I just installed apache zeppelin (built from latest source from git repo) and successfully saw it is up and running in the port 10008. I created a new note book with a single line of code

val a = "Hello World!"

And run this paragraph and saw the below error

java.net.ConnectException: Connection refused at java.net.PlainSocketImpl.socketConnect(Native Method) at java.net.AbstractPlainSocketImpl.doConnect(AbstractPlainSocketImpl.java:350) at java.net.AbstractPlainSocketImpl.connectToAddress(AbstractPlainSocketImpl.java:206) at java.net.AbstractPlainSocketImpl.connect(AbstractPlainSocketImpl.java:188) at java.net.SocksSocketImpl.connect(SocksSocketImpl.java:392) at java.net.Socket.connect(Socket.java:589) at org.apache.thrift.transport.TSocket.open(TSocket.java:182) at org.apache.zeppelin.interpreter.remote.ClientFactory.create(ClientFactory.java:51) at org.apache.zeppelin.interpreter.remote.ClientFactory.create(ClientFactory.java:37) at org.apache.commons.pool2.BasePooledObjectFactory.makeObject(BasePooledObjectFactory.java:60) at org.apache.commons.pool2.impl.GenericObjectPool.create(GenericObjectPool.java:861) at org.apache.commons.pool2.impl.GenericObjectPool.borrowObject(GenericObjectPool.java:435) at org.apache.commons.pool2.impl.GenericObjectPool.borrowObject(GenericObjectPool.java:363) at org.apache.zeppelin.interpreter.remote.RemoteInterpreterProcess.getClient(RemoteInterpreterProcess.java:139) at org.apache.zeppelin.interpreter.remote.RemoteInterpreter.init(RemoteInterpreter.java:137) at org.apache.zeppelin.interpreter.remote.RemoteInterpreter.getFormType(RemoteInterpreter.java:257) at org.apache.zeppelin.interpreter.LazyOpenInterpreter.getFormType(LazyOpenInterpreter.java:104) at org.apache.zeppelin.notebook.Paragraph.jobRun(Paragraph.java:197) at org.apache.zeppelin.scheduler.Job.run(Job.java:170) at org.apache.zeppelin.scheduler.RemoteScheduler$JobRunner.run(RemoteScheduler.java:304) at java.util.concurrent.Executors$RunnableAdapter.call(Executors.java:511) at java.util.concurrent.FutureTask.run(FutureTask.java:266) at java.util.concurrent.ScheduledThreadPoolExecutor$ScheduledFutureTask.access$201(ScheduledThreadPoolExecutor.java:180) at java.util.concurrent.ScheduledThreadPoolExecutor$ScheduledFutureTask.run(ScheduledThreadPoolExecutor.java:293) at java.util.concurrent.ThreadPoolExecutor.runWorker(ThreadPoolExecutor.java:1142) at java.util.concurrent.ThreadPoolExecutor$Worker.run(ThreadPoolExecutor.java:617) at java.lang.Thread.run(Thread.java:745

Any clue?

My backend is spark 1.5 and I verified by web interface of interpreter that zeppelin points to right version of spark and approproate spark.home.

回答1:

The error may be casued also du to an error occurred while Zeppelin trying to create the interpreter.

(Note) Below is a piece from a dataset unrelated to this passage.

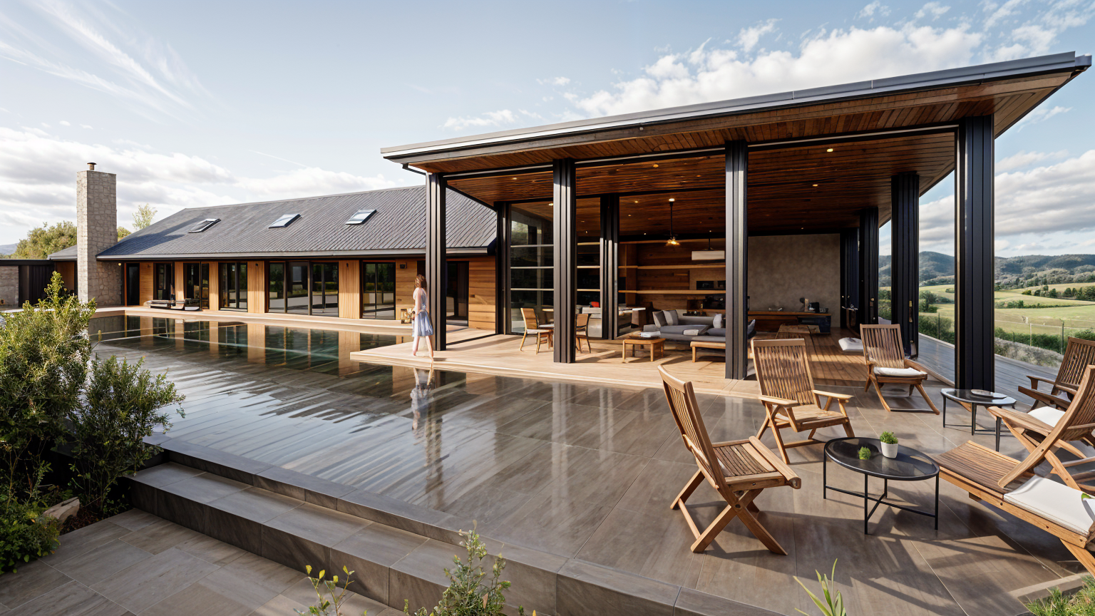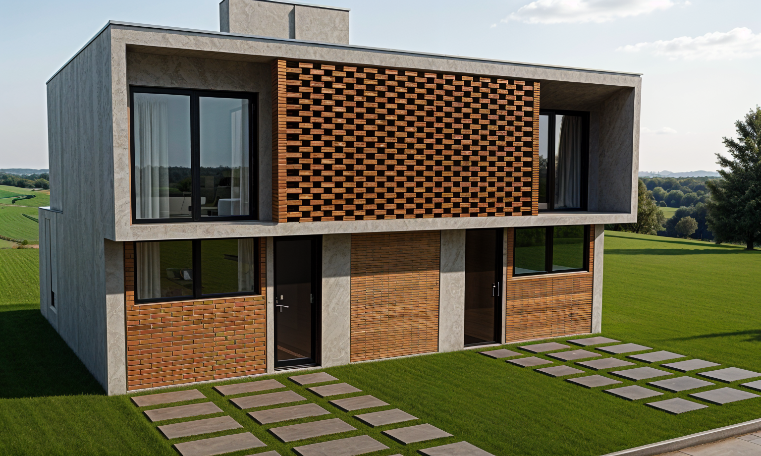 modern house shed roofs flat roofs and gables velour brick and stone standing seam roof golf course left side

Zeppelin starts the interpretter in a different process and tries to connect to using Thrift Protocol

In my case I ve this error when trying to assign 5GB for spark driver in spark-defaults.conf It is resolved when commenting this line (or assign 4g or less)

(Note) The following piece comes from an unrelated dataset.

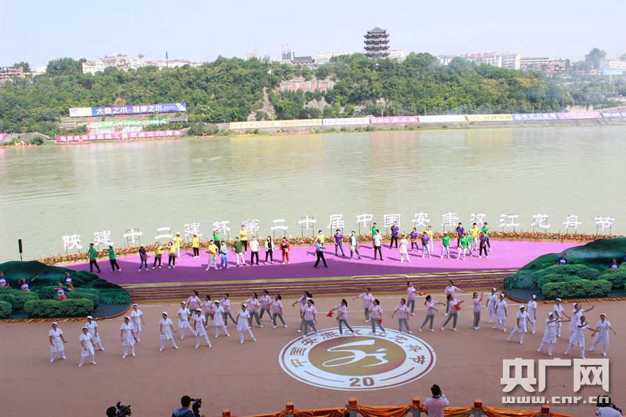 央廣網(wǎng)安康6月25日消息(記者王佳愛 舒隆煥 劉昱)伴隨著渾厚的鐘聲,今天(25日)9:00,第二十屆中國(guó)安康漢江龍舟節(jié)主題活動(dòng)在陜西安康開幕。

#spark.driver.memory              5g

You could have a look at this JIRA ZEPPELIN-305

EDIT:

This error could be caused by any reason that prevents the Spark interpreter process from starting. Recently, I ve got it when trying to add the JMX options to ZEPPELIN_JAVA_OPTS, that cause the interpreter process to use the same JMX port as the Zeppelin process. Giving the "Port Already in Use" error

Please check the Zeppelin logs (by default they are in ZEPPELIN_DIR/logs/ to see what is happening when Zeppelin trying to start Spark Interpreter

回答2:

I had this issue when $SPARK_HOME was not set correctly

回答3:

An error stack like [1] below could mean a lot of different things. Zeppelin Server could not connect to a local interpreter, because it did not start or died. It seems a Zeppelin bug as it can't catch when interpreter.sh exits without creating a Zeppelin interpreter process, submitted https://issues.apache.org/jira/browse/ZEPPELIN-1984 to track that.

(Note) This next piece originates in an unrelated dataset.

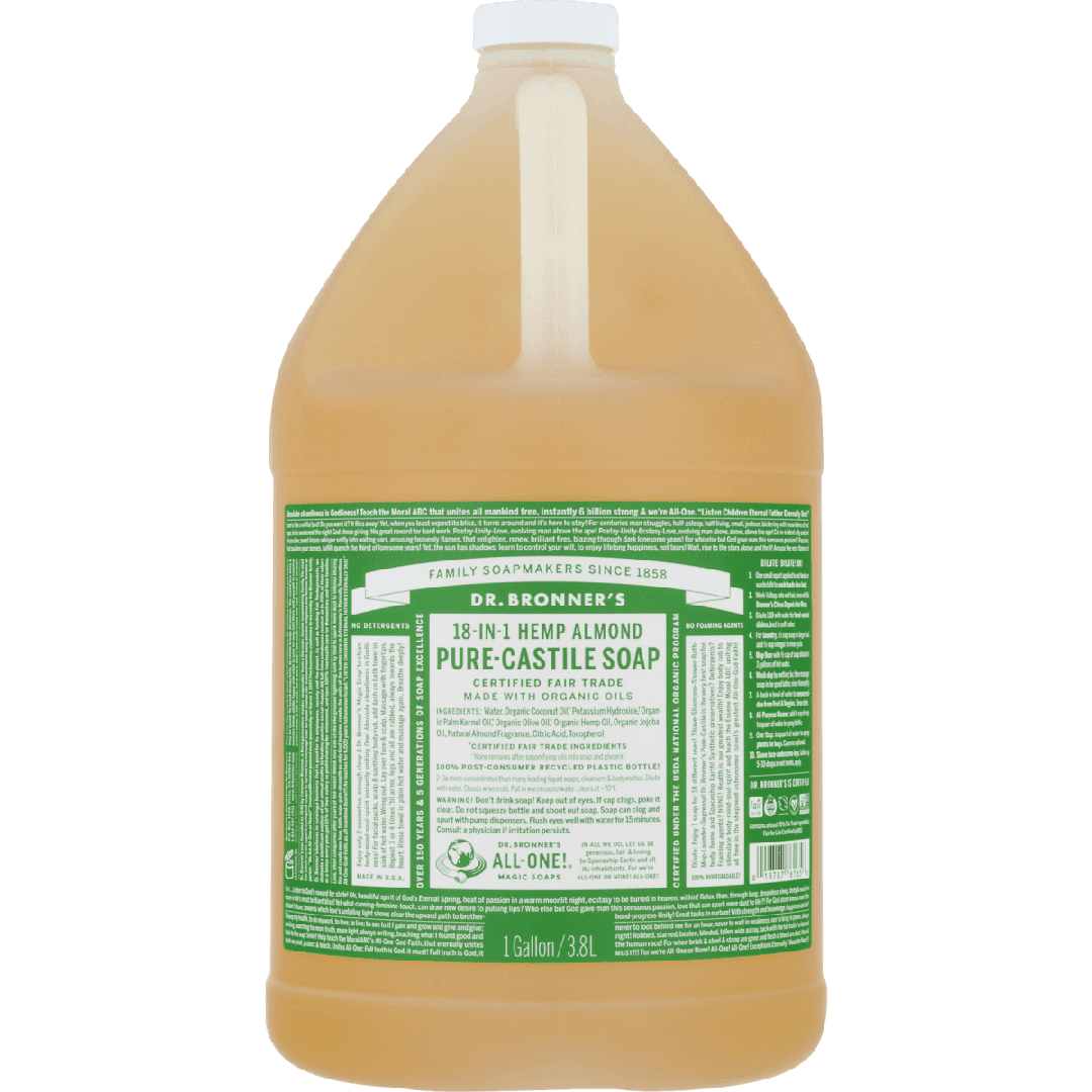 Our Almond Pure-Castile Liquid Soap is concentrated, biodegradable, versatile and effective.

In all our cases with different root causes, real error was only revealable if you would add

LOG="/tmp/interpreter.sh-$$.log"
date >> $LOG
set -x
exec >> $LOG
exec 2>&1

to $ZEPPELIN_HOME/bin/interpreter.sh so then a /tmp/interpreter.sh-*.log file would show you actual problem.

[1]

ERROR [2017-01-18 16:54:38,533] ({pool-2-thread-2} NotebookServer.java[afterStatusChange]:1645) - Error org.apache.zeppelin.interpreter.InterpreterException: org.apache.zeppelin.interpreter.InterpreterException: org.apache.thrift.transport.TTransportException: java.net.ConnectException: Connection refused at org.apache.zeppelin.interpreter.remote.RemoteInterpreter.init(RemoteInterpreter.java:232) at org.apache.zeppelin.interpreter.remote.RemoteInterpreter.getFormType(RemoteInterpreter.java:400) at org.apache.zeppelin.interpreter.LazyOpenInterpreter.getFormType(LazyOpenInterpreter.java:105) at org.apache.zeppelin.notebook.Paragraph.jobRun(Paragraph.java:316) at org.apache.zeppelin.scheduler.Job.run(Job.java:176) at org.apache.zeppelin.scheduler.RemoteScheduler$JobRunner.run(RemoteScheduler.java:329) at java.util.concurrent.Executors$RunnableAdapter.call(Executors.java:471) at java.util.concurrent.FutureTask.run(FutureTask.java:262)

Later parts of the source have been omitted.